Work required - Please retype the listing below exactly as it stands, skipping any pictures.

Data provided -
++++++

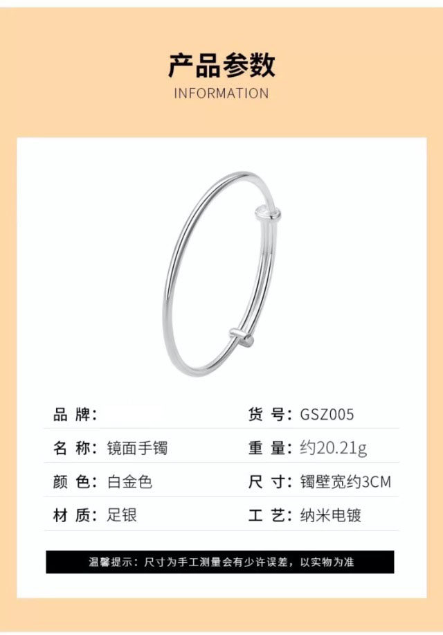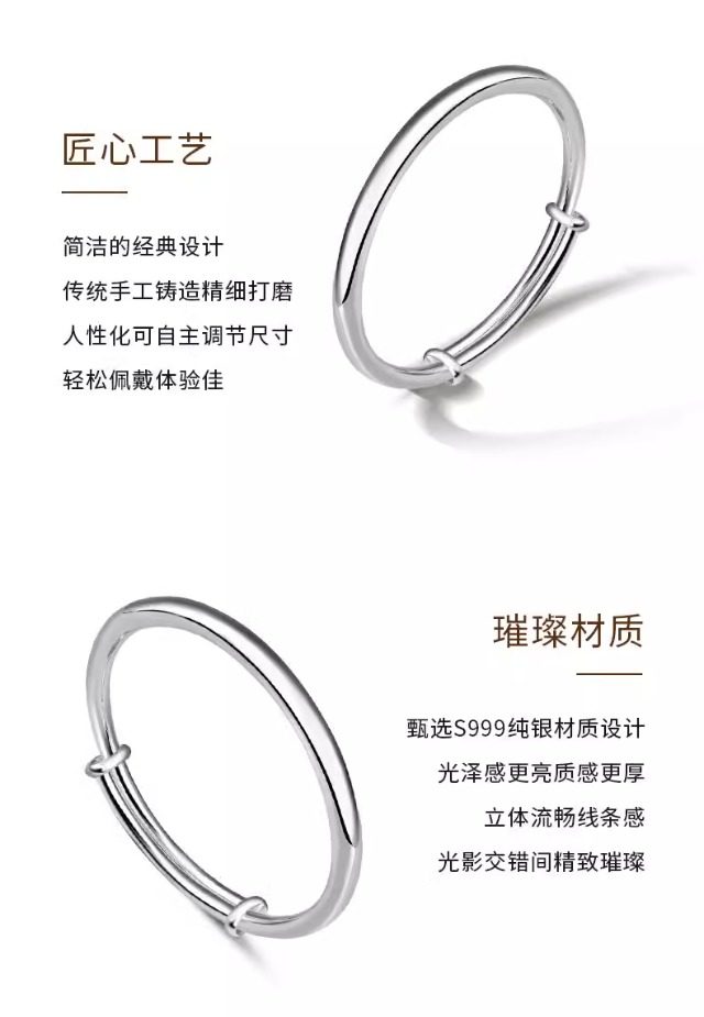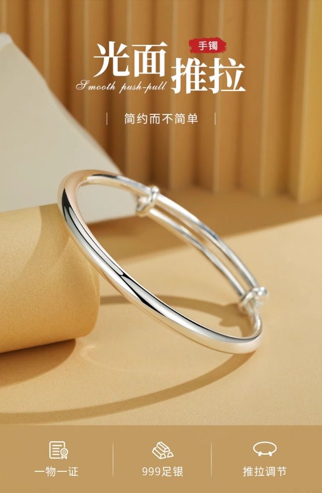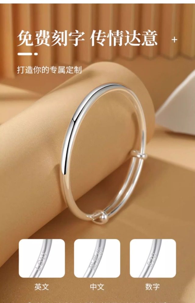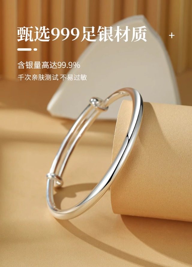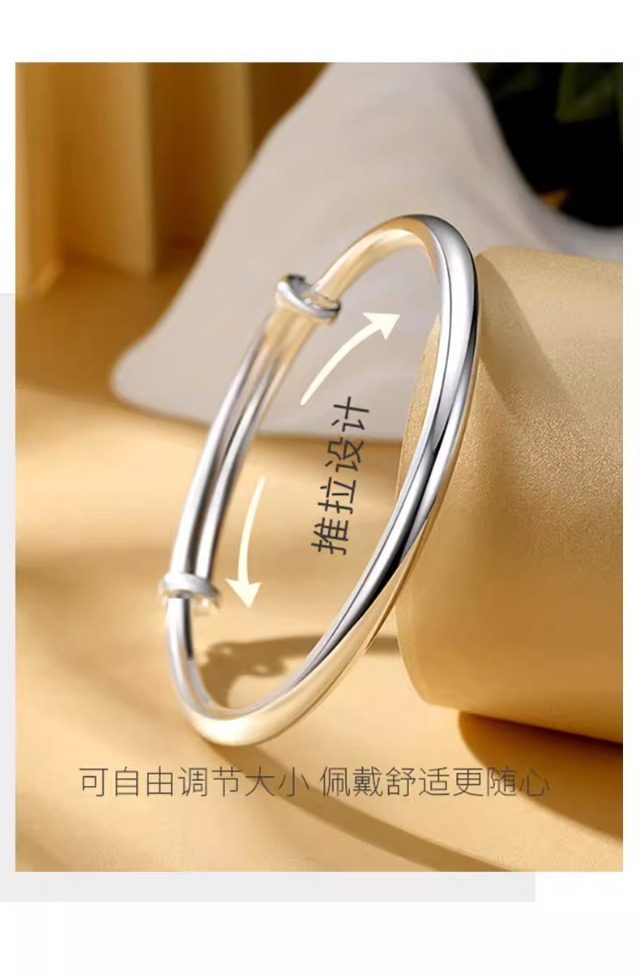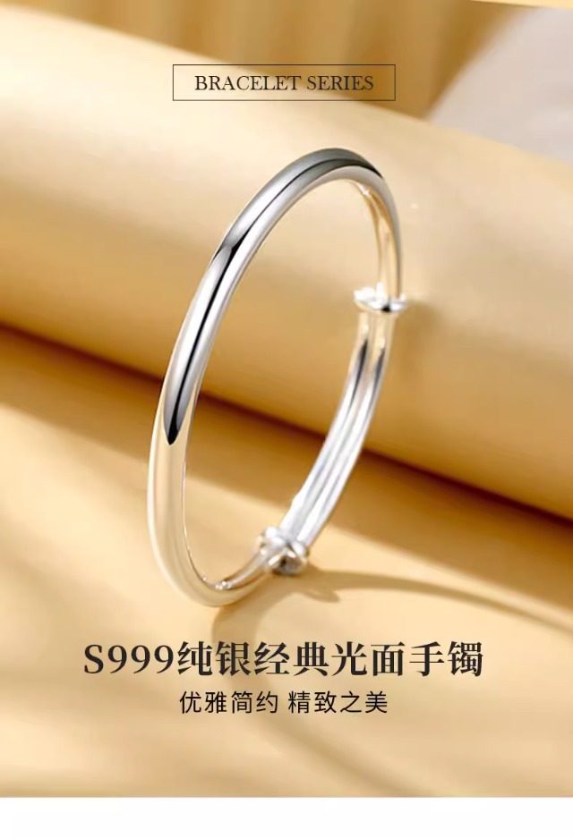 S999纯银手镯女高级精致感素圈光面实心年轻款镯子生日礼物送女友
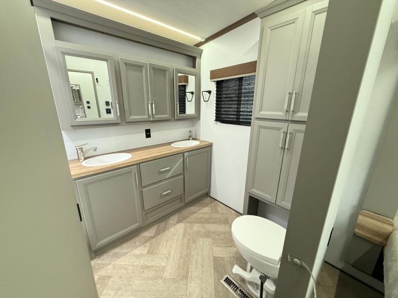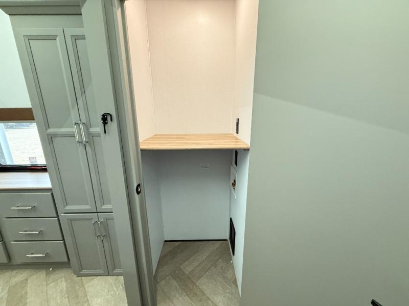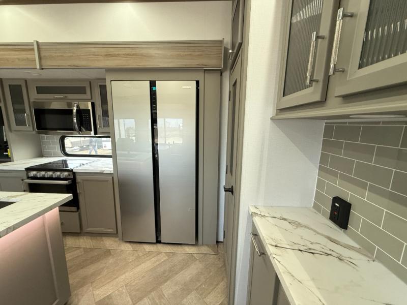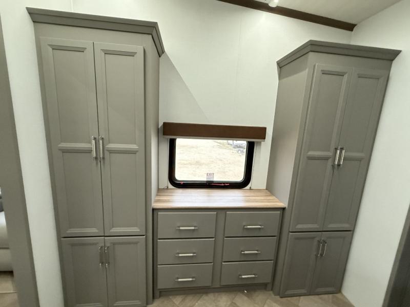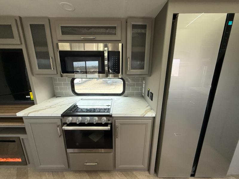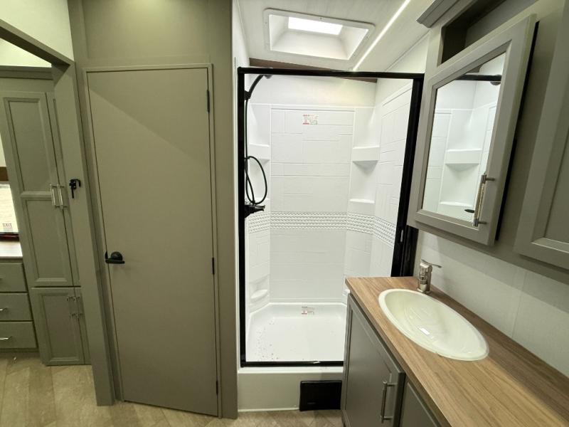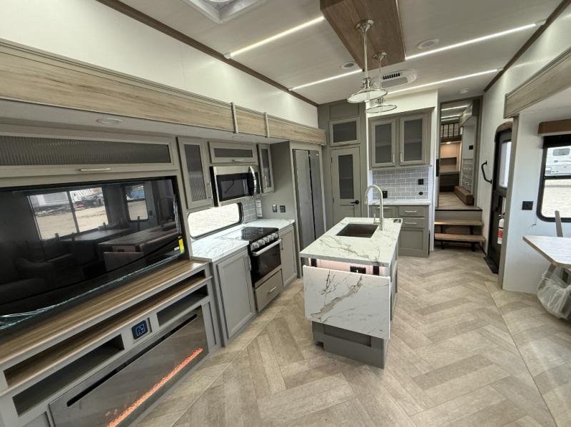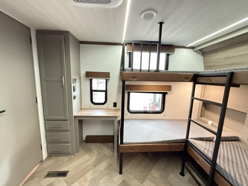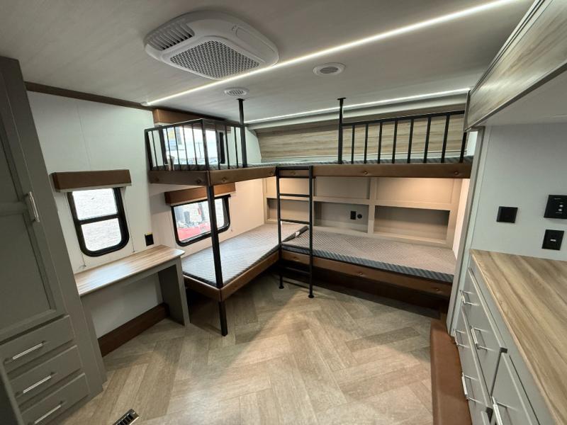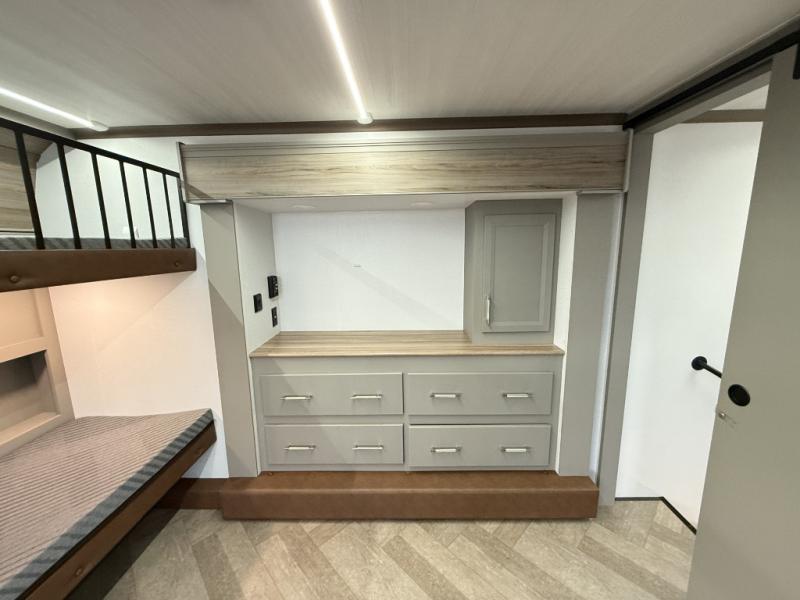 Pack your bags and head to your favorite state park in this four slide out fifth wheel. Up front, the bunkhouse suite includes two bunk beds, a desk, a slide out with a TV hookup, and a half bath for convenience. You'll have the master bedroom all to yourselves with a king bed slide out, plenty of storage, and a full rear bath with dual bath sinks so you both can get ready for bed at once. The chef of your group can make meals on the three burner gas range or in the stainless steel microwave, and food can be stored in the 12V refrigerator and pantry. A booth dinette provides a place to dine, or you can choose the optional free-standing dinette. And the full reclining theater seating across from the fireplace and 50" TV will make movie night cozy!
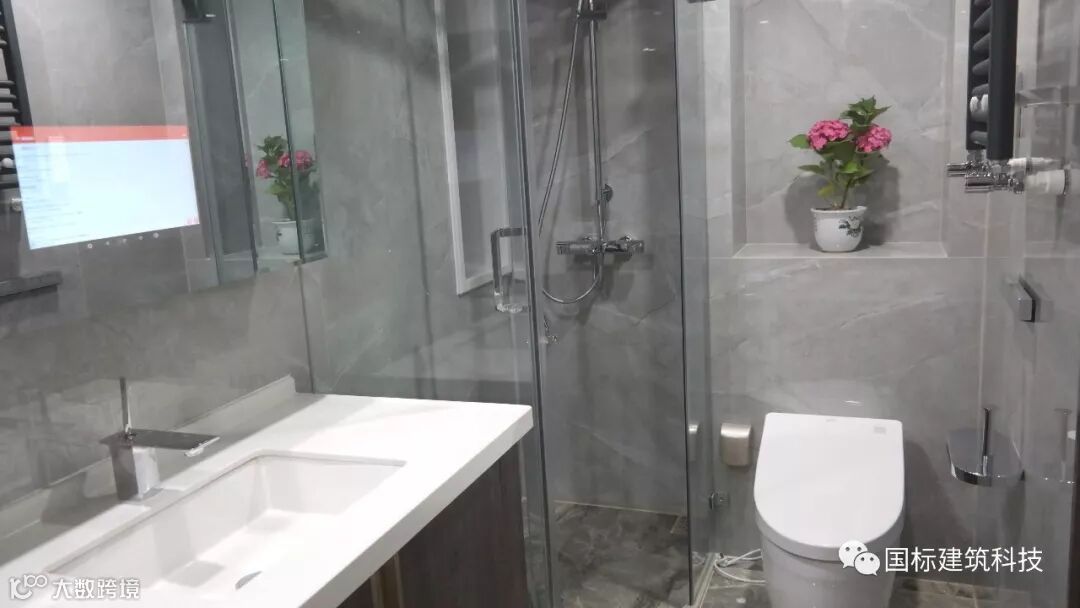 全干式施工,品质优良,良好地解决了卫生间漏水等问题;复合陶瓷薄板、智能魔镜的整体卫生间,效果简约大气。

++++++

Output for this task -
 S999纯银手镯女高级精致感素圈光面实心年轻款镯子生日礼物送女友
 Pack your bags and head to your favorite state park in this four slide out fifth wheel. Up front, the bunkhouse suite includes two bunk beds, a desk, a slide out with a TV hookup, and a half bath for convenience. You'll have the master bedroom all to yourselves with a king bed slide out, plenty of storage, and a full rear bath with dual bath sinks so you both can get ready for bed at once. The chef of your group can make meals on the three burner gas range or in the stainless steel microwave, and food can be stored in the 12V refrigerator and pantry. A booth dinette provides a place to dine, or you can choose the optional free-standing dinette. And the full reclining theater seating across from the fireplace and 50" TV will make movie night cozy!
 全干式施工,品质优良,良好地解决了卫生间漏水等问题;复合陶瓷薄板、智能魔镜的整体卫生间,效果简约大气。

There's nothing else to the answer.